The observed combination of data provides a useful tool for clinicians to predict underlying malrotation (− 0.9 mm = 1°), when image pairs show differences in patellar position. Absent intervention on the patella explaining positional changes, orientation of the femoral condyles in reference to the imaging detector should be controlled to exclude as cause for an altered image acquisition position. As there is still no absolute consensus about the optimal positioning of the limb during image acquisition, we advise the clinician to be aware of possible alignment changes that come along with the necessary rotation of the leg to obtain images with a centralized patella.
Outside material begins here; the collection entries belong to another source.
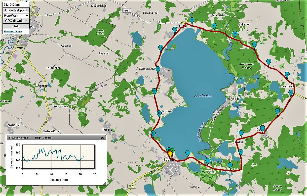 Pusmaratonio ir maratono (2 ratai) distancijų 21,1km rato trasa
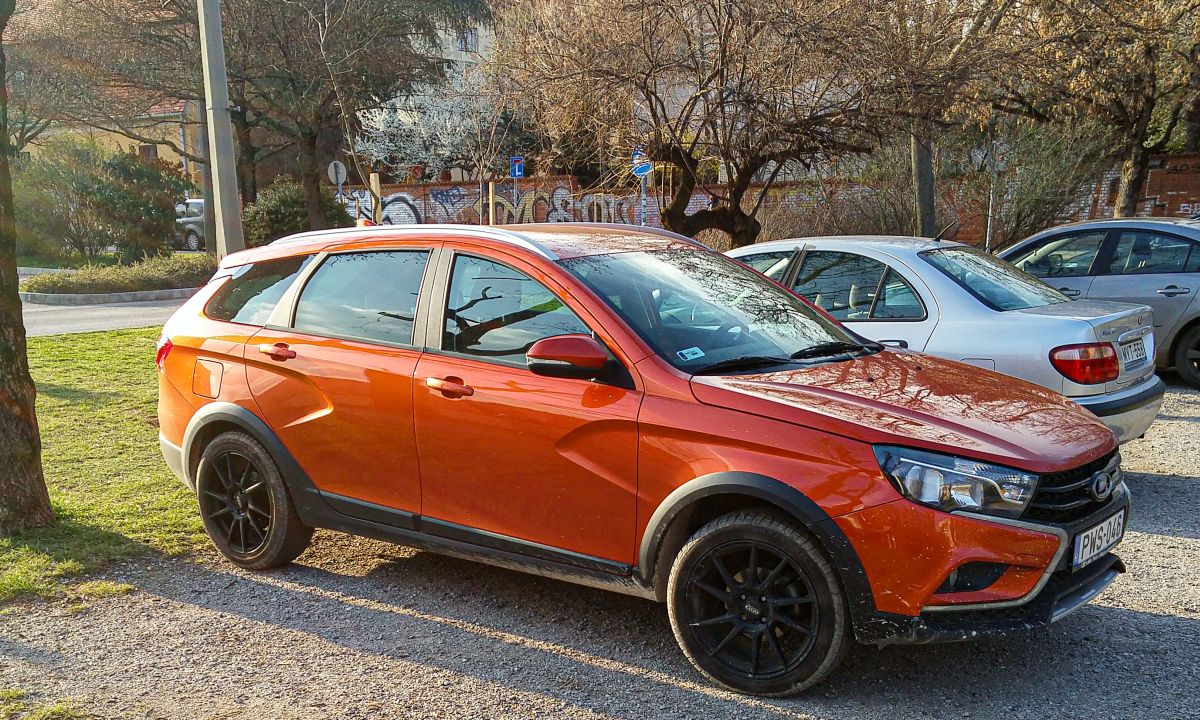 Lada Vesta SW Cross in der Farbe "Orange mars", fotografiert in 03.2021.
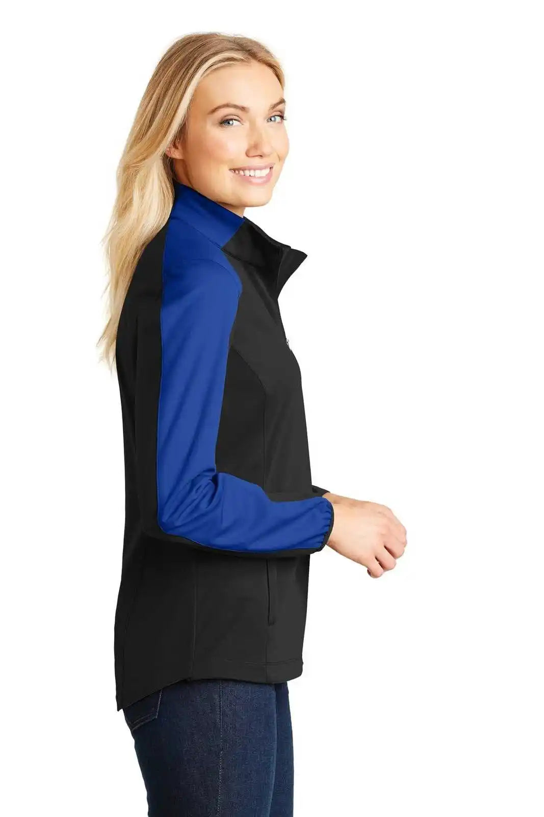 Port Authority L718 Ladies Active Colorblock Soft Shell Jacket - Deep Black True Royal
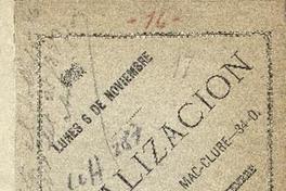 Realización : lunes 6 de noviembre / Portal Mac-Clure. Santiago : Portal Mac-Clure, 1876. Santiago de Chile : Imprenta de La Estrella de Chile, 1876. 22 páginas ; 17 cm. .
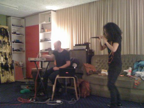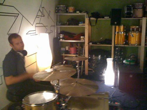 リハスタはとある高校の施設だよ、と聞いていたので、どんなんだろう?と思っていたら、学校のグラウンド側地下にあって、間接照明、ソファ、絨毯敷のなんともゴージャスなスタジオ。これを月5000円程度でシェアしているらしい。なんともうらやましい!
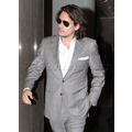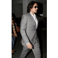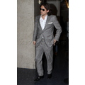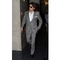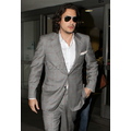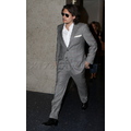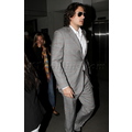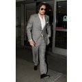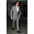 The sexy singer rocked a light grey suit at the airport on Wednesday evening.

These results allow for the easy calculation of rotationally induced changes to imaging, which are minor with the knee extended and in the absence of any relevant deformity.

Conclusion

The approximately linear dependence of the patellar position on rotation allows an inverse estimation of the rotation during image acquisition and its influence on the alignment parameters. As there is still no absolute consensus about lower limb positioning during image acquisition, data on the impact that a centralized patella has on alignment parameters compared to that of an orthograde condyle positioning was provided in this study.